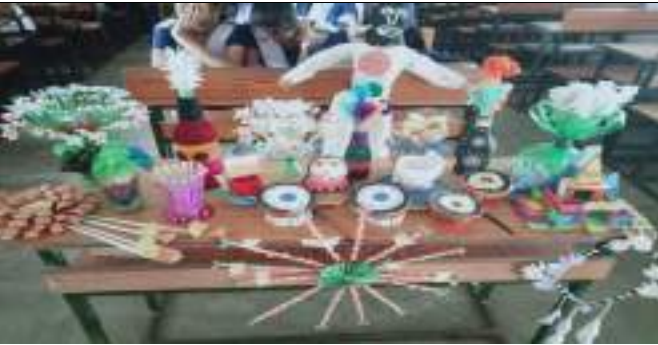
BIDHAN CHANDRA GOVT.HIGH SCHOOL, BALIAPALA
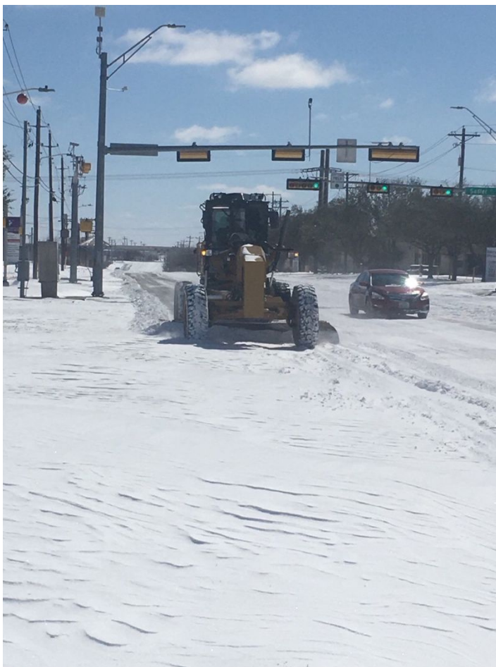
Above: A City of San Marcos Transportation worker plows snow covering Sadler Drive.
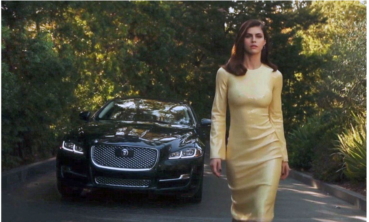
Advertisement for the 2019 "XJ Collection Special Edition". Jaguar teamed up with American actress Alexandra Daddario (Baywatch 2017) for a promotional photo-shoot. (The XJ was built in the UK while Alexandra has Italian, Irish, Hungarian/Slovak ancestry).
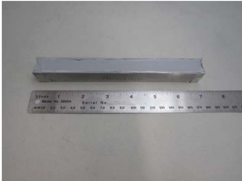
Photo Documentation – The product sample specimen is photographed immediately following specimen preparation and prior to initiating the conditioning period. Typically, the top and bottom faces of the specimen are photographed. Bottom faces may show a stainless-steel plate or other substrate if prescribed by the standard.
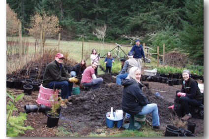
Land Trust volunteers nurture the next generation of island forest.

For information, call (206) 463-2644 or visit www.vashonlandtrust.org
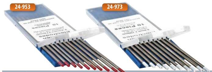
TIG Torch Parts (All prices in £ sterling ex.VAT)
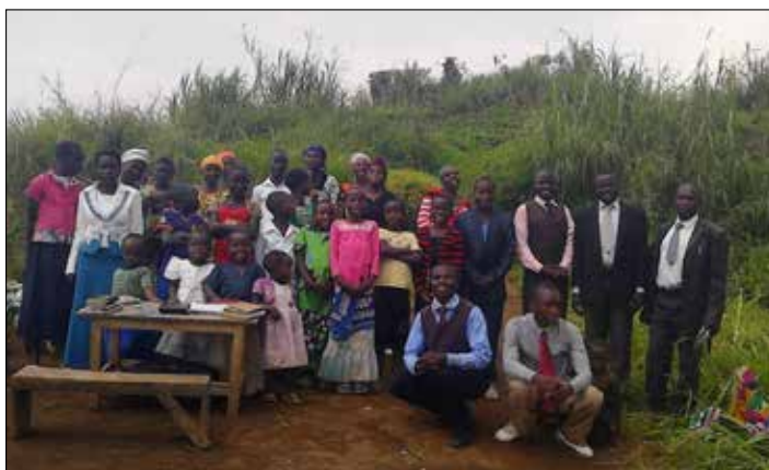
Sabbath services and a seminar on Sunday were a blessing for the members and visitors in Katoyi, Congo.

The next stop was Nyabibwe, where the work was started in
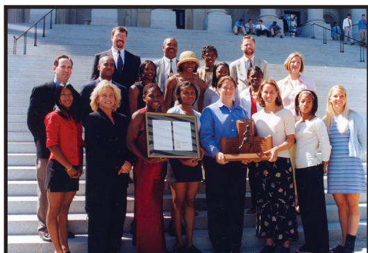
1999 SEC OUTDOOR CHAMPIONS
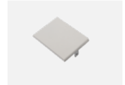
132-50100, S end cap
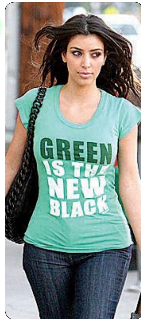
If Kim Kardashian can get her green on, so can you!
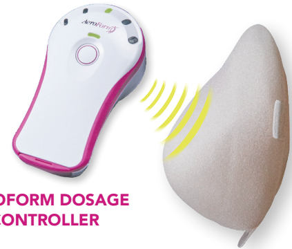
AEROFORM DOSAGE CONTROLLER

4. How does AeroForm fit into my reconstruction plan?
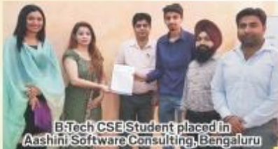
B-Tech CSE Student placed in Aashini Software Consulting, Bengaluru
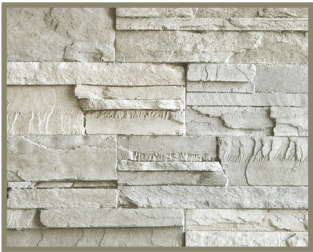
North-Ural LedgeStone AS-404

ARTEK STONE has chosen a combination of diverse textures and colors to be perfectly compatible with other materials; be it wood, glass, metal, brick or stone. The wide variety of our products will allow you to create the perfect atmosphere for interior decoration, a traditional or contemporary look for your home, a landscape arrangement or a commercial application.
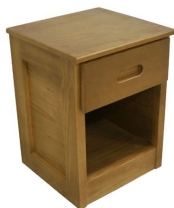
NIGHTSTAND 1 DRAWER
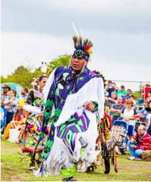
Adults dressed in Native American Indian clothing dancing at the Celebration of Life Pow Wow Festival at Mount Trashmore Park, Virginia Beach, USA, 2011. This was a free public event on public property

Festival organizers can commission professional photographers to document the festival and provide valuable promotional and archival material. A written contract between the festival and the photographer will specify who owns the rights in the photographs (in some jurisdictions, the copyright in commissioned photographs vests in the person commissioning the works; in this case, the festival), all the permitted uses of the photographs (reproduction, display, modification, dissemination, etc.), and the duration and territory of the uses, among other important considerations. The contract could also specify other uses, such as donation of negatives to the festival archive for cultural maintenance purposes.
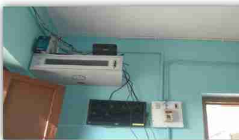
Image: Computer peripherals/Internet components available at the GP

KakiraKasba GP is playing a leading role in the State towards a modern era of panchayats by practicing efficient use of technology. It is the first GP of Himachal Pradesh which has maintained all the data online ensuring complete transparency of activities undertaken. Payments to the beneficiaries are also made through online payment modes. This panchayat has shown an entire new level of efficiency and excellence in their services. There is CCTV surveillance along with audio facility in the Panchayat Office and the conversations with officials are done through Skype. Videos of the works executed are uploaded on YouTube channel which shows the transparency of work done. Further, Minutes of Meetings are recorded and also circulated to all the concerned departments. Considering the use of digital technology impressed upon by the Government of India for transparency and efficacy, this GP can be considered a role model for all the Panchayats of the State or Nation as a whole.
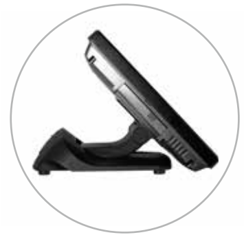
Low Profile Mode
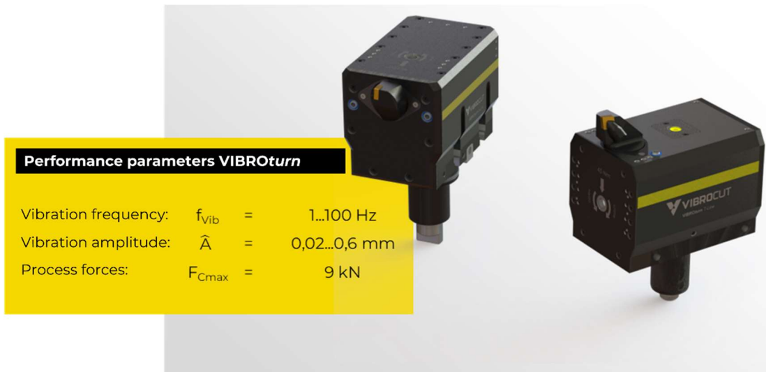
Figure 4: Tool holders L-Line and T-Line

VIBROturn is a patented system developed by VibroCut GmbH. We act as a product and technology provider as well as an integration partner for the use of vibration-assisted machining in your production. We sell our vibration systems as tool holders for equipping new and existing machines and offer related services.
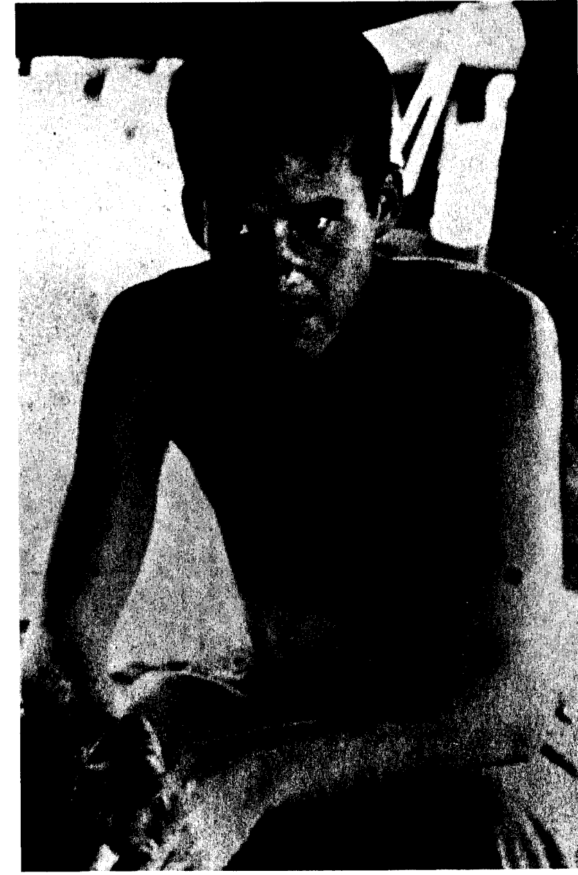
Author at the end of the campaign. Tent camp on Okinawa.

*The 1st Marine Division received the Presidential Units Citation for its part in the Okinawa campaign.
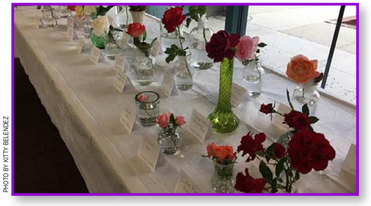
More Rose Specimens on Display
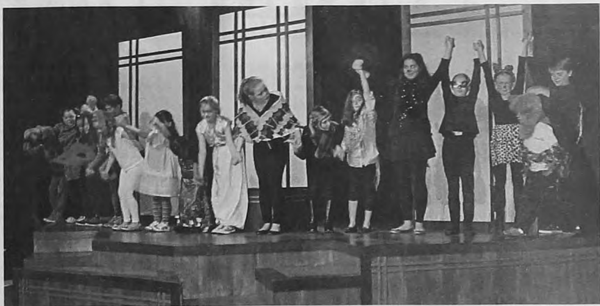
PLYMOUTH UPTOWN PLAYERS

The program costs $200 per actor for the season, with a current PCAC student membership required ($30 per year). Actors may pre-register online, by phone or in person on the day of auditions. Online registration and payment option can be accessed through the website, www.plymoutharts.com . The PCAC has office hours from 9 a.m. to 4 p.m. Monday through Thursday.
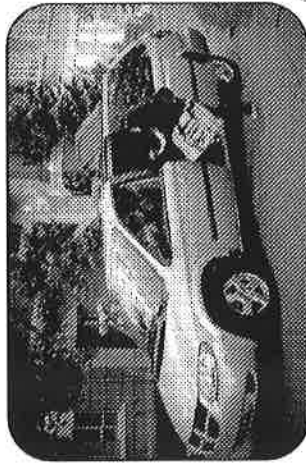
MOM: Hey guys. GERM GUY: (Laughs) (sneezes)
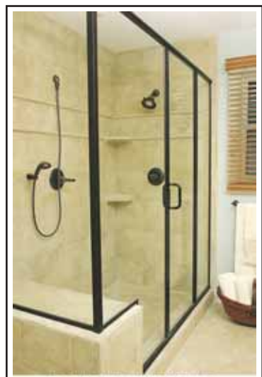
Radiant heating provides a nice, warm bathroom floor to step onto after a shower.

ly heated homes as a separate system. Homeowners who are interested in having a warm floor to step onto after a shower can ask their home-heating contractor for all the facts about radiant heating -- one of the country's fastest-growing opportunities for home comfort in any home. For more information on radiant heating or other forms of hydronic heating systems and equipment, visit www.myhomeheating.com , write to the Hydronics Industry Alliance, 2107 Wilson Boulevard, Suite 600, Arlington, VA 22201, e-mail myhomeheating@gamanet.org
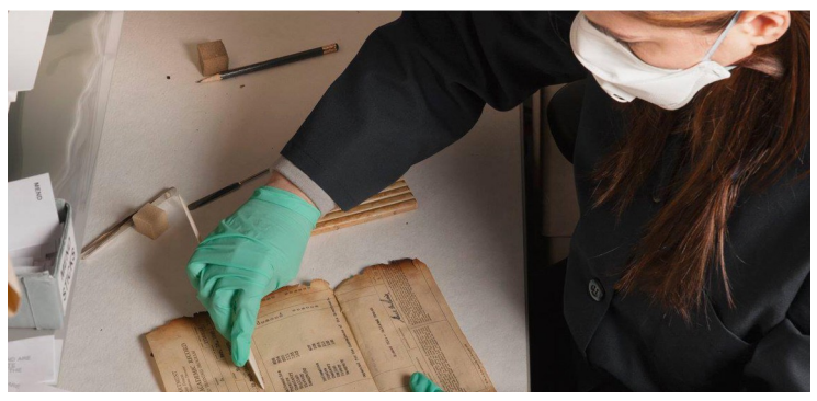
Preservation staff work meticulously to restore and preserve documents that were nearly destroyed in the fire.
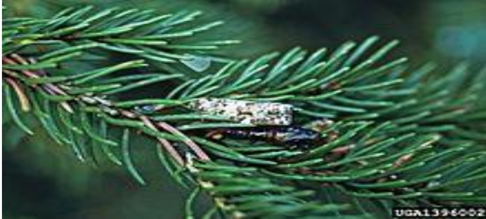
Plate 1: Image of Budworm
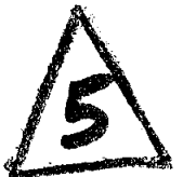
EXHIBIT NO. 2
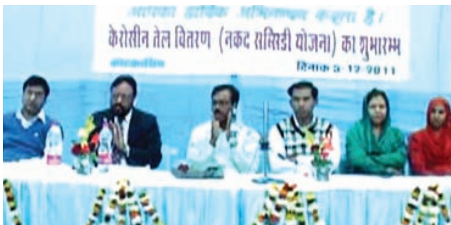
Inauguration of Kerosene Cash Subsidy Scheme

- It is an e-Governance initiative of Rajasthan Government for effective, accountable and transparent Public Finance Management. IFMS has been
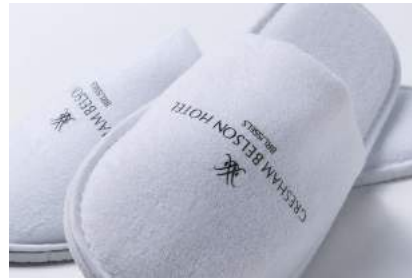
Thermal transfer printing on vamp
........
### Requirement
Each line above that falls between the line with "Adults dressed in" and the line with "Low Profile Mode" should be printed exactly, together with those two lines, but the pictures should not.

### Solution
Adults dressed in Native American Indian clothing dancing at the Celebration of Life Pow Wow Festival at Mount Trashmore Park, Virginia Beach, USA, 2011. This was a free public event on public property

Festival organizers can commission professional photographers to document the festival and provide valuable promotional and archival material. A written contract between the festival and the photographer will specify who owns the rights in the photographs (in some jurisdictions, the copyright in commissioned photographs vests in the person commissioning the works; in this case, the festival), all the permitted uses of the photographs (reproduction, display, modification, dissemination, etc.), and the duration and territory of the uses, among other important considerations. The contract could also specify other uses, such as donation of negatives to the festival archive for cultural maintenance purposes.
Image: Computer peripherals/Internet components available at the GP

KakiraKasba GP is playing a leading role in the State towards a modern era of panchayats by practicing efficient use of technology. It is the first GP of Himachal Pradesh which has maintained all the data online ensuring complete transparency of activities undertaken. Payments to the beneficiaries are also made through online payment modes. This panchayat has shown an entire new level of efficiency and excellence in their services. There is CCTV surveillance along with audio facility in the Panchayat Office and the conversations with officials are done through Skype. Videos of the works executed are uploaded on YouTube channel which shows the transparency of work done. Further, Minutes of Meetings are recorded and also circulated to all the concerned departments. Considering the use of digital technology impressed upon by the Government of India for transparency and efficacy, this GP can be considered a role model for all the Panchayats of the State or Nation as a whole.
Low Profile Mode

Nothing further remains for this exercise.